The article also states that an impediment to wisdom can be thinking! When people dwell to much on their short-comings or their problems that often come with age they can become depressed, angry or bitter. But not if they accept reality as it is and look at life as a wonderful journey full of incredible experiences, both good and bad.


Searching Your Irish Roots

March 17, 2014

Happy Saint Patrick's Day! As the saying goes, on March 17th everybody's a little bit Irish.
Saint Patricks Day Google
Genealogy is one of the favorite (or most popular) pasttimes on the Internet. As a personal historian I find it more interesting to discover the stories behind of the people hanging out in the branches of the family tree. But if you are looking for some good online resources to search out your Irish roots, I can make a few suggestions.
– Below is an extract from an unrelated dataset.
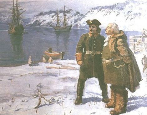 Дальше в дело вступает неприкрытая реклама так любимого большевиками Петра I. Любят они его за то, что он открыл дорогу к власти простым смертным. Но это все якобы. На самом деле такие любители Петра не хотят замечать тот факт, что именно Петр I открыл доступ к науке, руководству страной бездарным иностранцам. При рекламе Петра используется факт притягивания его имени к имени Лейбница. А Лейбниц, как известно, почти общепризнанное божество. Почти Ньютон. Вот Петр I, по легенде, возвращался из своих странствий по заграницам в Россию и встретился в Ганновере, ну чисто случайно же, с Лейбницем. Лейбниц служил библиотекарем при дворе ганноверского герцога. И очень попросил царя изучить те районы океана, ибо это важно. Он еще неоднократно будет напоминать Петру о своей просьбе направить экспедицию в район предполагаемого выхода к Америке. Именно Петр I должен был открыть Америку еще раз. Открыть не так, как её открыл Колумб — плывя с востока на запад, — а наоборот — плывя с запада на восток. Петр как бы соглашался с Лейбницем, но не сильно спешил стать заместителем Колумба. Тянул он время, прошло 11 лет, а экспедиции все не было. А потом, внезапно, Петр I решается на это важное дело. Ставку он делает ни в коем случае не на русского человека, а выбирает иностранца. Причем далеко не самого выдающегося. Словно целью Петра было неудачное окончание экспедиции. Из множества иностранных офицеров, принимавших участие в войне на стороне России (сегодня их бы назвали наемниками) Беринг оказался самым ненагражденным и обидчивым. «В 1721 году, при заключении мира, множество офицеров получило повышение в чинах. Но Беринга обошли — он так и остался капитаном. Это обидело его, и он подал в отставку. Видимо, он надеялся этим повлиять на начальство и добиться повышения. Но начальство почему-то было им недовольно — почему, мы не знаем. Расчёт не удался — отставка его была принята. Он подождал немного и подал прошение разрешить ему вернуться на родину, в Данию. Он опять рассчитывал, что его не отпустят и вернут на службу. И опять расчёт не удался — 10 марта 1724 года ему выдали заграничный паспорт.»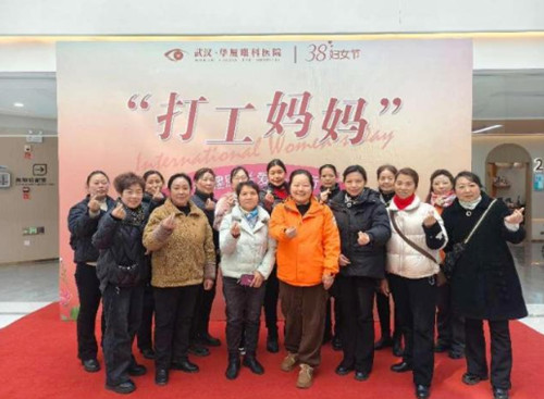 2025 年 3 月 6 日上午 9 時 30 分,由江漢區(qū)婦女聯(lián)合會主辦的 "打工媽媽" 眼健康關(guān)愛公益活動在武漢華廈眼科醫(yī)院順利舉行。武漢江城清洗服務(wù)有限公司近 20 名一 線女職工代表參與此次公益活動。

There are a number of subscription and fee-based sites. One of the biggest is Ancestry.com. There is an large Irish database section. You might also try FindMyPast or EmeraldAncestors (featuring Northern Ireland & Ulster Ancestry).

I would suggest you also check out some of the large free sites, such as FamilySearch and the National Archives of Ireland.

May the sun be on your face and the wind be at your back as you journey forth on the discovery of your Irish roots. And check out the About.com section or Google's St. Patrick section for more.